BCP particles were being incorporated into the center of new osteogenic activity. This, combined with early reconstruction, resulted in a more uniform appearance of the in situ bone extending into the defect than at 14 days. Control defects implanted (i.e., ECP alone and Z
CI alone) exhibited the characteristic type of bone filling activity that was observed in the above-mentioned studies. Control defects without implantation showed only slight bone growth at the cut edges of the defect.

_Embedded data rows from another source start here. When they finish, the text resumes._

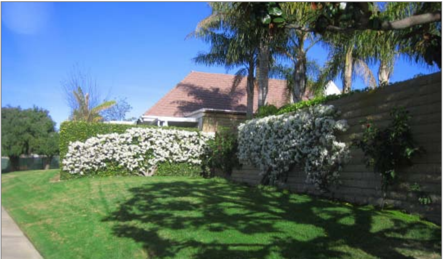
Espaliered flowering pears—an ephemeral beauty spot in Niguel Shores.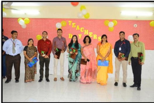
.Group photo of teacher's

Teachers' Day celebration at M.A. Rangoonwala Institute of Hotel Management and Research. Students organized various activities for teachers. T.Y.B.Sc HS students prepared a special lunch and also was synchronized service.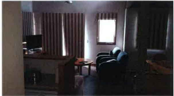
Upstairs dining and lounge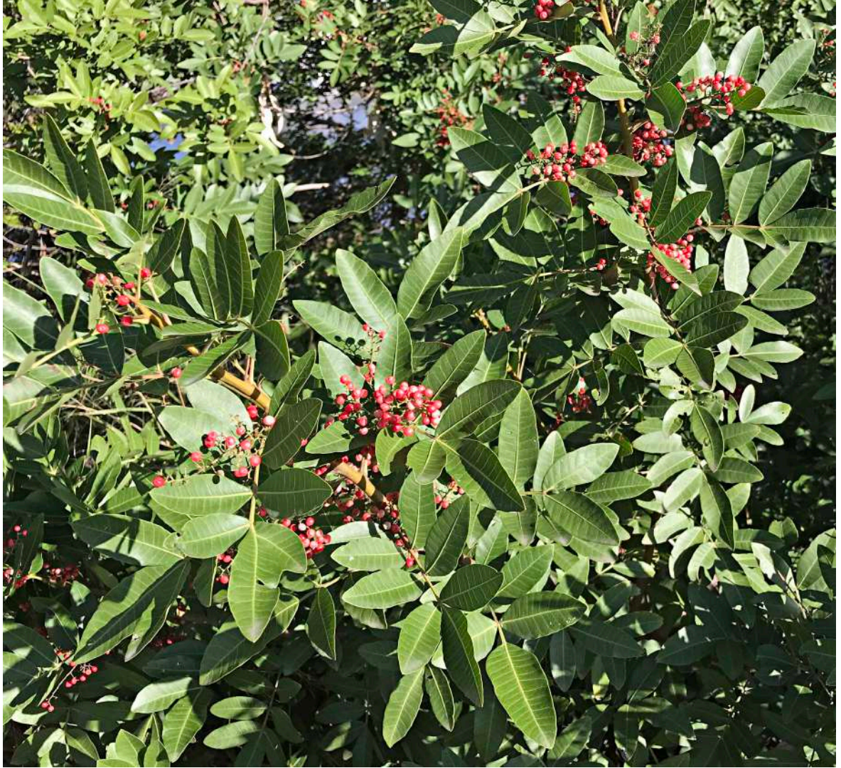
Broad-leaved Pepper ( Schinus terebinthifolius ) This South American introduced shrub is a common weed of the river banks and can be observed on the LHS of the Gold 3 men's tee-block. Again, this species produces many seeds that are spread by birds.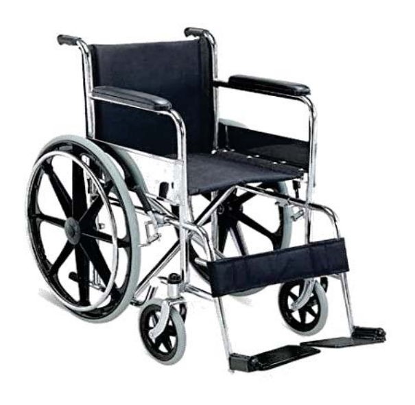
Foldable Wheel Chair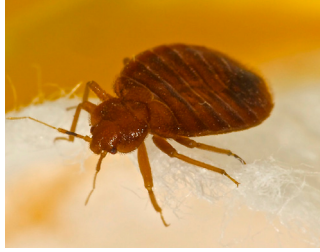
Live bed bugs

Bed bugs are typically hiding during the day, so it can be hard to spot them. Nonetheless, it's important for you and your janitorial staff to know what to look for: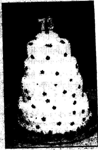
As part of the Town of Appomattox's 75 th Anniversary Celebration, a special three-layer cake was prepared and eaten on Sunday afternoon during a special dedication. A slew of other activities was a part of the weekend celebration in Appomattox.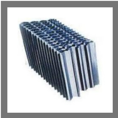
Tube Deck Media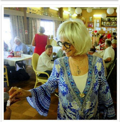
What a clever idea!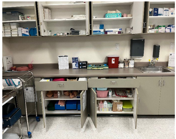
Skills lab supplies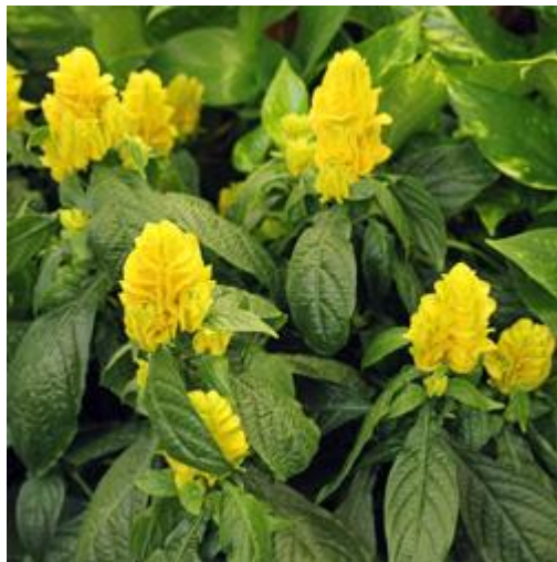
Golden Shrimp Plant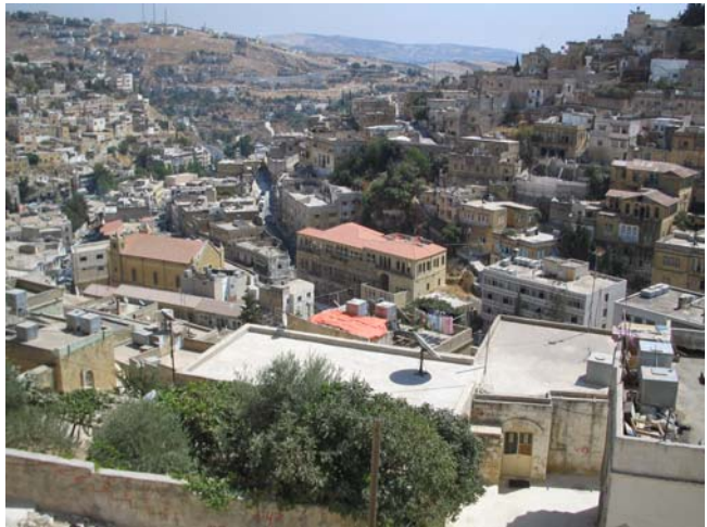
Picture 4. View of Salt city

There is an academic institution named Al-Balqa Applied University in Salt. The university was established in 1997 with 16 colleges for two years courses in different location in Jordan. Its objectives are not only to provide educational opportunity for younger generation but to cooperate with local community.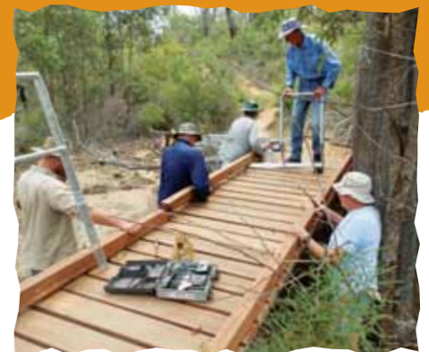
Fitting railings to bridge erected in March 2011 by volunteers.

By varying the relative amounts of purified atelopeptide-reconstituted microfibrillar collagen, which forms an elastic gel-like suspension, and bone collagen powder, which imparts compressive strength, we obtain a matrix suitable for conduction-mediated bone repair. A wide variety of useful implant materials can be produced.

Claims (1)

[Claims] 1.) (a) exposing fresh bone to the defect, (b) (i) bone collagen powder, (ii) purified atelopeptide reconstituted fine fibrous skin collagen, (iii) purified A lyophilized gel of atelopeptide reconstituted microfibrous dermal collagen, and (iv) one collagen formulation selected from the group consisting of a mixture of (i) and (ii) is filled into the defect to remove the fresh bone. A method for conducting conduction repair of a bone defect in a mammal, the method comprising contacting with a bone defect in a mammal. 2.) The method according to claim 1, wherein the collagen preparations (ii) and (iii) are produced from calf skin. 3.) The method according to claim 1, wherein the collagen preparation of (iii) is extruded into a mat shape. 4.) The method according to claim 1, wherein the collagen preparations of (ii) and (iii) are substantially not crosslinked. 5.) A lyophilized mat of reconstituted collagen fibers consisting essentially of a purified atelopeptide reconstituted microfibrous dermal collagen preparation lyophilized from a suspension. 6.) The freeze-dried mat according to claim 5, wherein the collagen is not substantially cross-linked. 7.) Suitable for use as a bone graft, comprising the steps of (a) casting a suspension of purified atelopeptide-reconstituted microfibrous dermal collagen into a plate shape, and (b) freeze-drying the cast product. A method for producing a freeze-dried collagen mat. 8.) A purified collagen preparation, characterized in that it consists essentially of bone collagen powder. 9.) A method for producing bone collagen powder suitable for use in repairing bone defects, which comprises treating bone powder from which inorganic components have been removed with at least one type of proteolytic enzyme selected from trypsin and pepsin.